I still remind myself that it is ok to fail, just not intentionally, and not to be so hard on myself. I lived a long life not being kind to myself, and am still a work in progress in that regard. I have learned to give myself a “mourning period” for a failure (usually a few hours or maybe a day), and then say to myself, “ its time to move forward and carry on.”
Who is your hero? Or the person who has had the greatest impact on your life and career?
My heroes honestly are my daughter, son and daughter-in-law. Individually and collectively they teach me on a daily basis how to be a better person, and I want to be a better person for them, someone they are proud of. I am not sure how they got so wise at such young ages. I have had so many amazing professional mentors that I can not possibly single out one or even several amazing colleagues who impacted my career in a positive way.
What are you currently listening to, reading, and watching or streaming?
I am always listening to music throughout the day and my tastes are all across the board. Alexa is in almost every room of my house. I surprise many people that given my age I like everything from “boy bands” like the Backstreet Boys, to classic rap like Big Sean, to classic rock like Rod Stewart, to jazz like Dave Koz. I do not like silence. I think better when distracted by music.
Reading for pleasure, yeah not something I do. I have not read a book for pleasure in thirty plus years other than Dr.

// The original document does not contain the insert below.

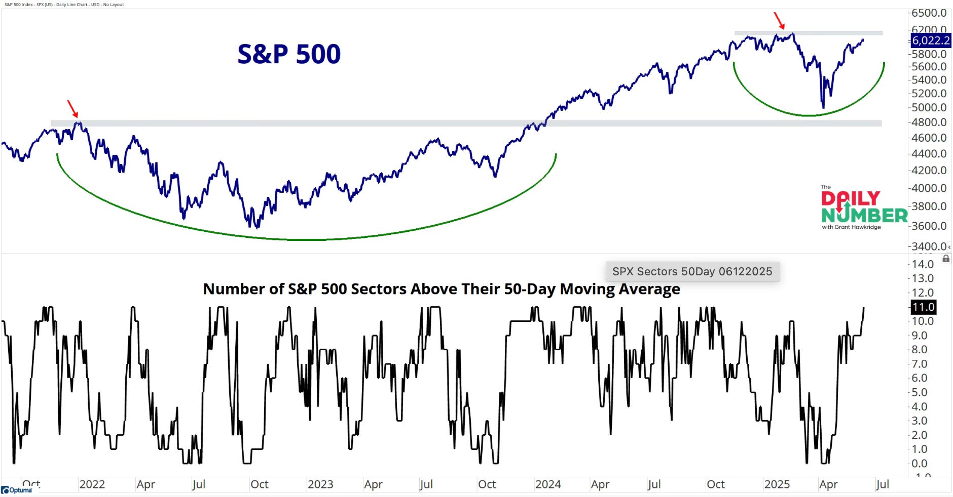 All 11 sectors are now trading above their 50-day moving average. That hasn’t occurred since October 2024.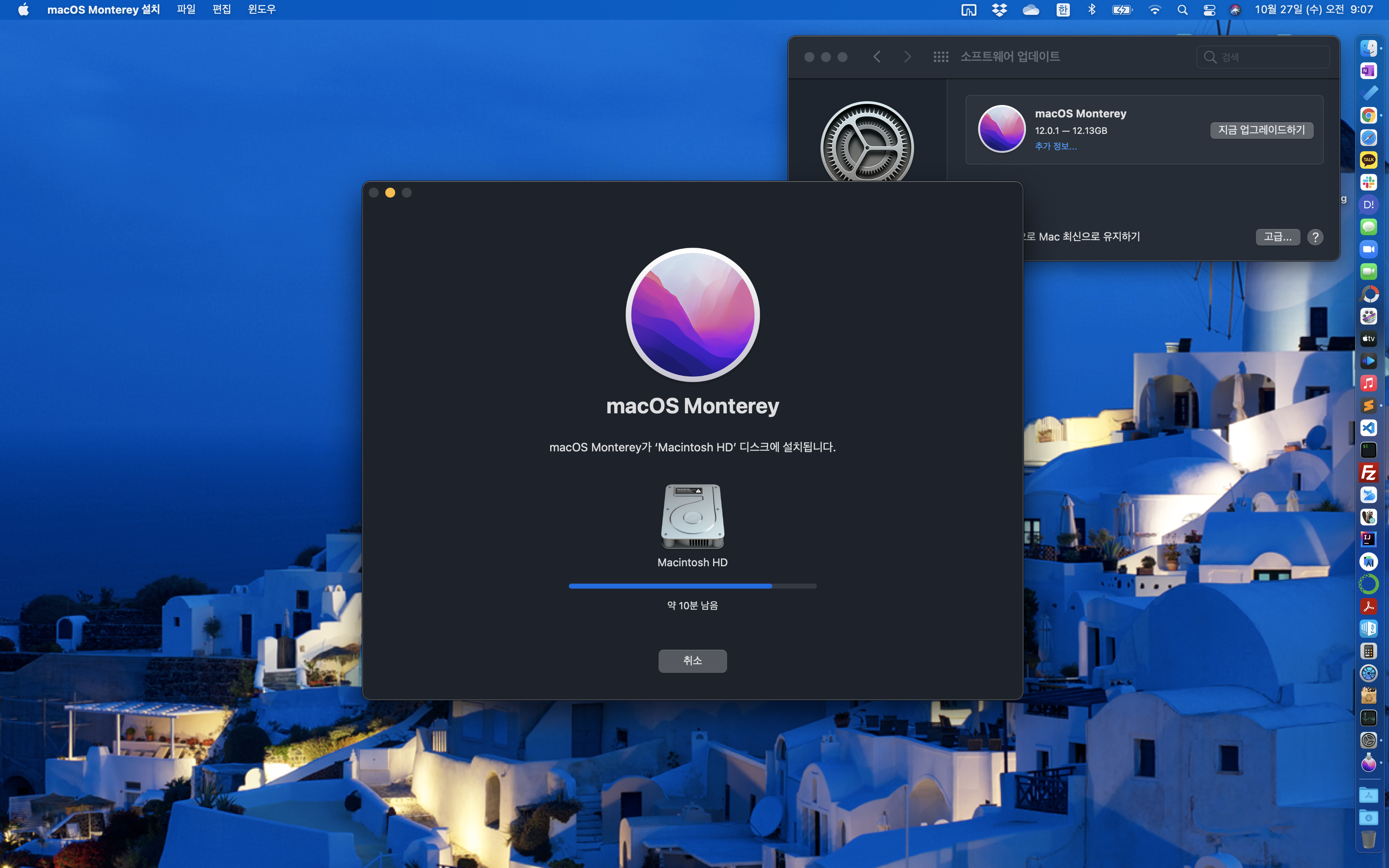 아침에 일어나 보니 다운로드 다 받아졌길래 설치 시작 했습니다. 58분이나 걸린다네요.

Seuss to my kids.
When I watch television, it is almost always live sporting events (I never miss an Ohio State football game and rarely miss a Dodger baseball game) or silly mindless sitcoms like Big Bang Theory or Two and a Half Men. The best television ever in my opinion is season one of The Wire.
During the depths of stay at home during the pandemic, I watched all episodes and seasons of Animal Kingdom, and I am excited for the new season to come out in a couple of weeks.
What’s the best – and worst – piece of advice that you were ever given?
Best advice is easily be kind to yourself. Be accountable, but kind. The second best was from my dad—give everything you do your best, so there are no regrets. If you gave it your best and failed or came in last, that is OK. I am not sure I ever got bad advice, certainly nothing memorable.
Okay, you’re throwing a lavish, in-person, post-pandemic dinner party. Name the three people – from any time in human history – who you would invite.
It’s funny to think of myself throwing a lavish dinner party, but I would love to invite Ronald Reagan, Queen Elizabeth and Jesus. It would have to be catered. I only cook for my dog, Liv.
Here’s to Bob Kramer, and all of our attorneys and allied legal professionals who make our firm – and the legal profession – a better place in which to live, work and grow through their passionate vision and dedicated efforts.